La gestation pour autrui (GPA) | SCBS

La gestation pour autrui (GPA)

La gestation pour autrui (GPA) ou maternité de substitution est un accord par lequel une femme, communément appelée mère gestationnelle, ou « mère-porteuse », ou encore « mère de substitution », accepte de porter un enfant pour le remettre à sa naissance à un couple, appelé « parents intentionnels » ou « parents commanditaires », qui est à l’origine du projet parental. Autorisée en fait et en droit dans certains pays comme en Angleterre, la GPA est interdite en droit mais contournée dans les faits en France.

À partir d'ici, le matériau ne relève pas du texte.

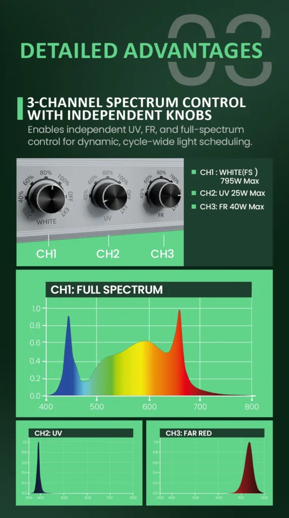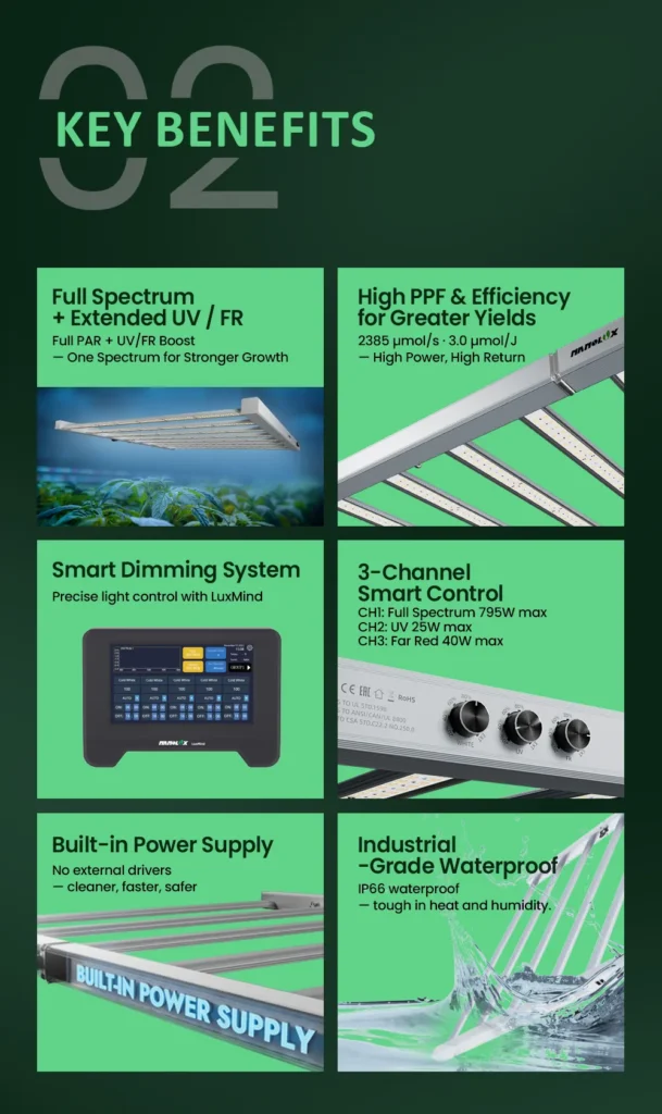 Engineered specifically for the flowering phase, the Orion Pro 860W delivers exceptional light intensity and spectrum precision. With 2.8 μmol/J efficiency, it ensures dense bud formation, increased yields, and consistent results.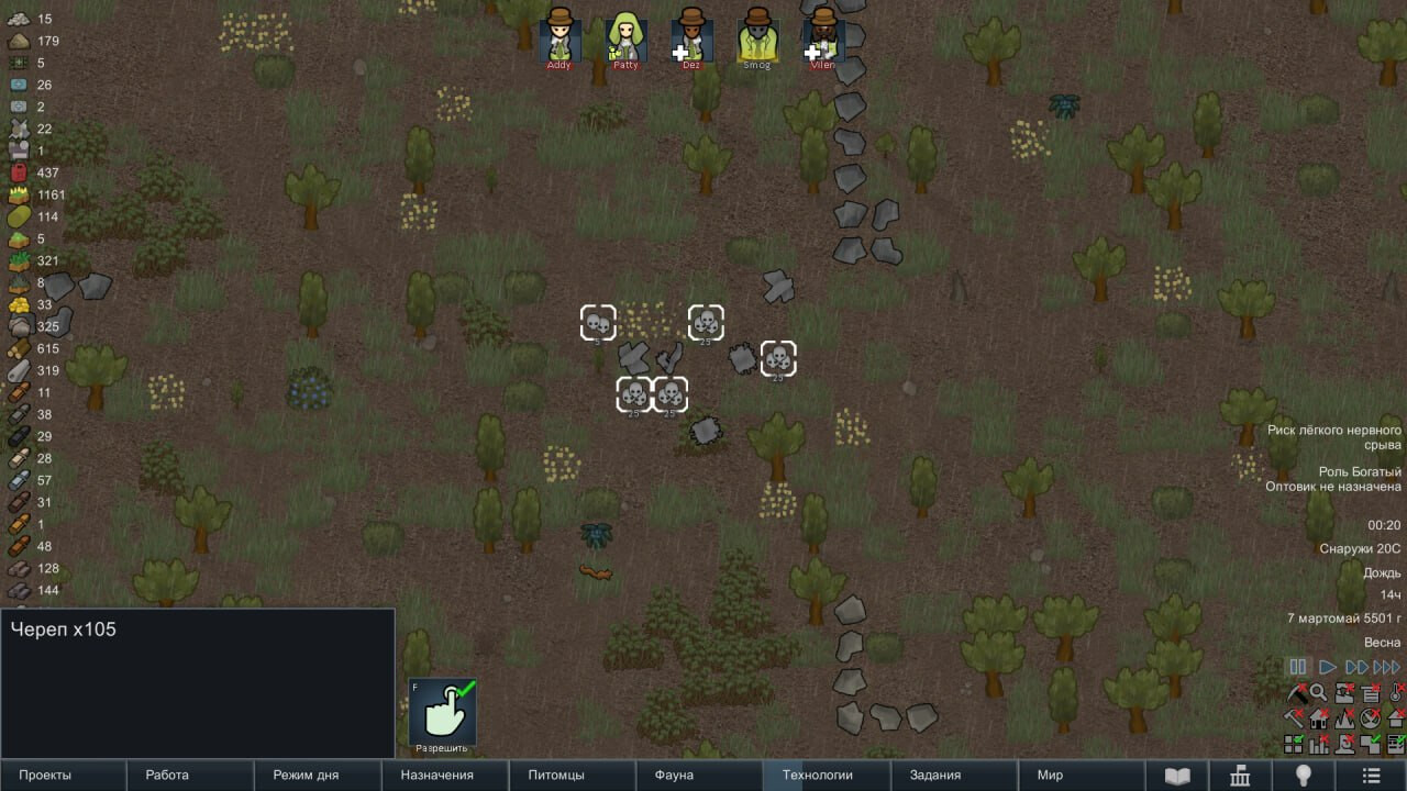 Я играл на аварийной посадке, и с тремя колонистами была собака. Все было нормально, до тех пор пока я не активировал монолит. Поймав взглядокрада, я иследовал возвание к пустоте, и с помощью ритуала вызвал пелену смерти. Я тут же начал строить клетки и ловить шамблеров. Ни одного я так и не поймал, все подыхали. В процессе, милишник был ранен и дальше охотились с собакой. Одна поскуда оторвала бедолаге лапу вместе с глазом и положила одну пешку. Все таки убив ее, оставшиеся на горбу потащили двоих домой, чтобы вылечить. Собаку спасли, лежала дома с милишником, а вот раненую не донесла другая пешка, прямо у дома сошла с ума и набросилась на гигантского ленивца, который пошел драться с шамблерами. Она к сожалению умерла, но к ней на замену прибыл незнакомец в черном, с почти такими же статами. Казалось бы все стало спокойно, но нет. Ленивец помер от кровотечения, и вместо с той истеричкой и шамблерами, с которыми он дрался, начали ломиться к нам в дом. Дверь не выдержала, и зомби положили милишника. Благо был незнакомец, который, обводя всех вокруг дома, успел взять его. Это была четная попытка, ведь он был медленнее чем орда шамблеров, однако его спасла еле живая собака-инвалид, которая всех на себя отвлекла, пожертвовав своей жизнью. Тем временем, ушла из жизни другая пешка от заражения и милишник, которого не успели спасти, остался лишь незнакомец, который сбежал прочь, бросив все. Теперь он оказался один, без ничего.

Toutefois, qu’elle soit licite ou prohibée, au-delà des enjeux juridiques de la GPA sur la filiation des enfants nés de cette pratique comporte des conséquences médicales et psychologiques, tant pour l’enfant que pour la mère porteuse, qui ne sont pas toujours régit ou prévues par les législateurs. Parmi les enjeux médicaux, se trouvent les risques de grossesses multiples, la prématurité de l’enfant et le fait que la grossesse et l’accouchement en eux même ont des répercussions sur le corps de la mère porteuse. Quant aux effets psychologiques de la GPA, il y a notamment le risque d’instrumentalisation et de marchandisation de la personne inhérent à la GPA. La mère porteuse ne risque-t-elle pas de devenir un « outil de production » et que son corps soit mobilisé et utilisé pendant plusieurs mois ? En ce qui concerne les problématiques entourant l’enfant n’y a- t- il pas le risque qu’il soit considéré comme une « marchandise » ou « l’objet » d’un contrat qui doit être remis au couple intentionnel après sa naissance et dont la remise doit être conforme à ce qui était prévu par ces derniers notamment un enfant en bonne santé ? De tels risques peuvent-ils à leur tour avoir des conséquences sur son développement ? Les conséquences de la GPA sur les autres enfants, qu'il s'agisse des enfants de la gestatrice ou de ceux du couple receveur tout autant d’éléments à prendre en compte.